GeoArctic's deformable plate models provide the foundation for the
Global Tectonics Project.
Developing the first global palinspastic deformable plate model.
The North Atlantic study covers the conjugate margins of Newfoundland-Ireland and East Greenland-Europe and sheds light on the deep water hyperextended basins around the margins
The Baffin-Labrador-West Greenland study provides new insights into the complex interaction between rifting, strike-slip fault zones, and Cenozoic compression.
The Circum-Arctic study is based on years of work in the area, reinterpretation of all relevant public domain data, and new gravity and structural modeling.
The Central Atlantic study covers the conjugate margins of Newfoundland-Iberia, Nova Scotia-Morocco, and the US Eastern Seaboard-Northwest and West Africa.
Our models quantify and accommodate the amount and direction of crustal stretching and shortening for key tectonic events at convergent, extensional and transform margins using a proprietary palinspastic deformable-margin plate reconstruction software and method.
Exploration on deep-water continental margins brings increased awareness of the importance of plate kinematic modelling and deformable plate tectonic reconstructions as exploration tools.
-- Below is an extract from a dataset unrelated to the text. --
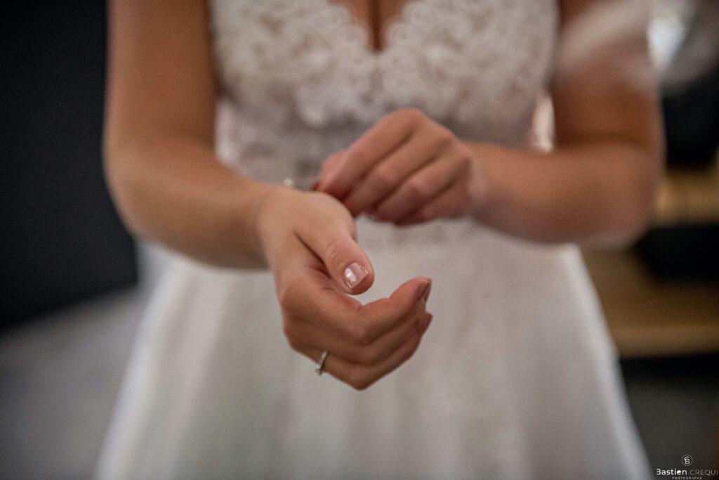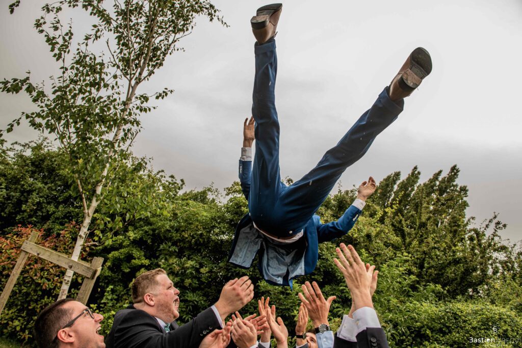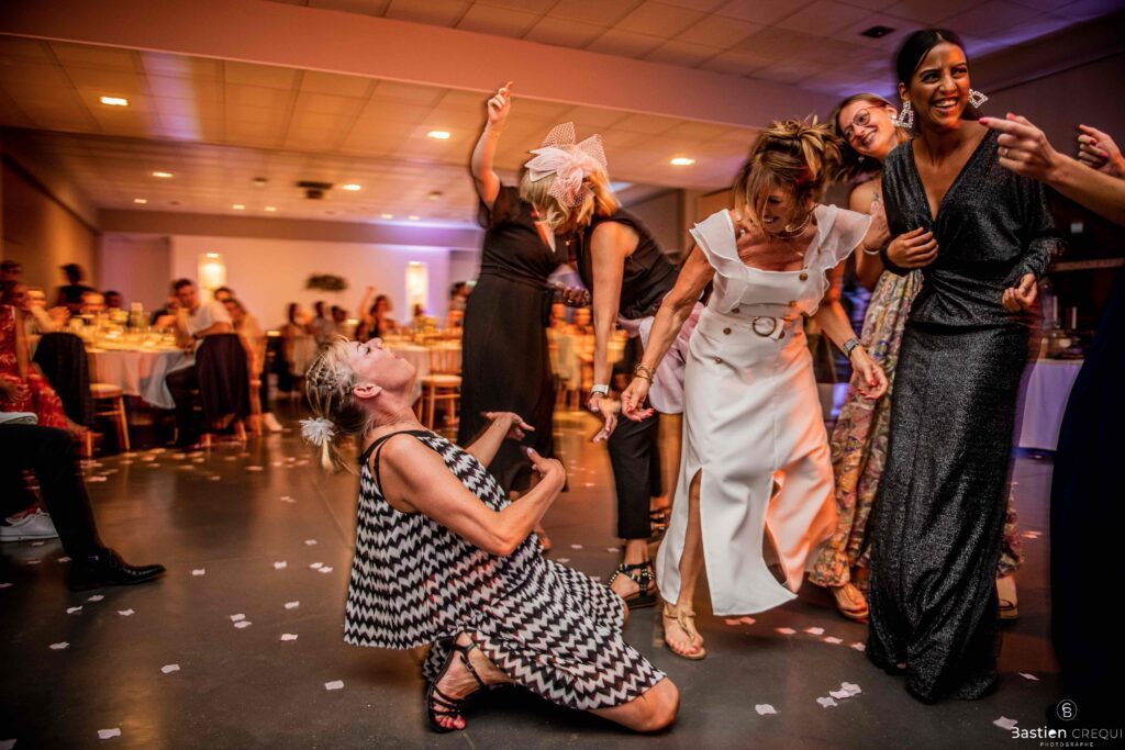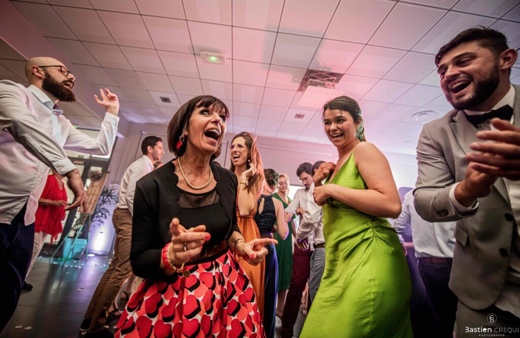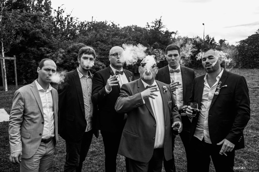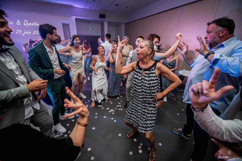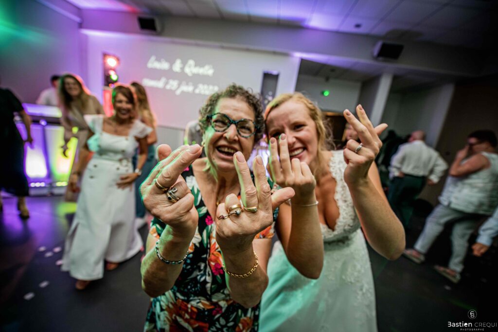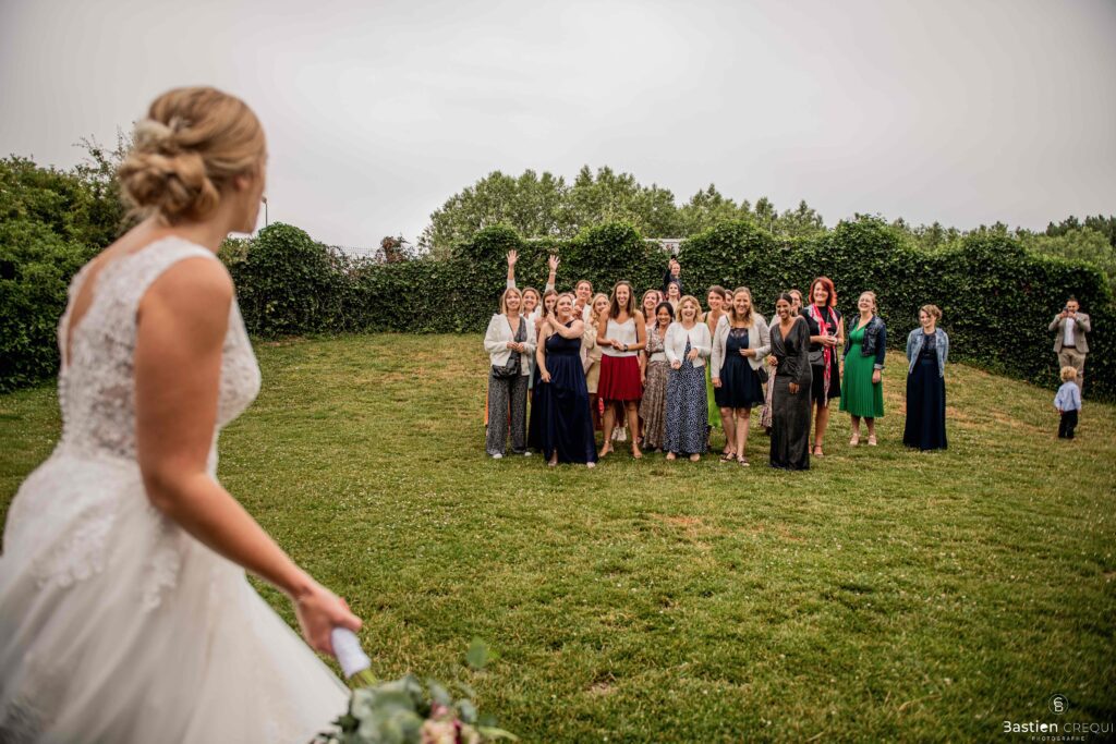 Après les cérémonies officielles, nous nous dirigeâmes vers La Villa blanche à Coudekerque-Branche. Le vin d’honneur s’est déroulé la plupart du temps à l’intérieur ça cause d’une pluie fine. La Villa Blanche est une salle de réception contemporaine situé à 5mn de Dunkerque et à 40mn de Lille. Elle est dotée d’une structure intérieure modulable, l’espace s’adapte selon la configuration de votre mariage. Une verrière existe pour célébrer une cérémonie laïque. La soirée a été folle ! Elle a débuté par l’entrée de deux flowers boy, savez-vous ce qu’est un flower boy ? C’est un ami des mariés qui est chargé de jeter des pétales de fleurs avant l’arrivée des mariés, souvent à partir d’une banane vintage attachée à sa taille. Les invités ont été surpris avec des animations à faire mourir de rire les jeunes mariés ! DB animation a ensuite déroulé sa playlist pour assurer l’ambiance de folie sur la piste de danse. C’était un plaisir de couvrir ce mariage dans cette ambiance survoltée.

Rigid plate kinematic models do not adequately model the complex multiphase breakup history of the North and Central Atlantic and Arctic Oceans.
As continental crust is extended on rifted margins prior to breakup, there is plate overlap along these margins when plates are reconstructed using rigid plate kinematic models alone. Shortening of the crust takes place on convergent margins resulting in underfit when the plates are reconstructed.
The accurate reconstruction and restoration of plate margins required a new approach to plate kinematics and a new generation of plate reconstruction software.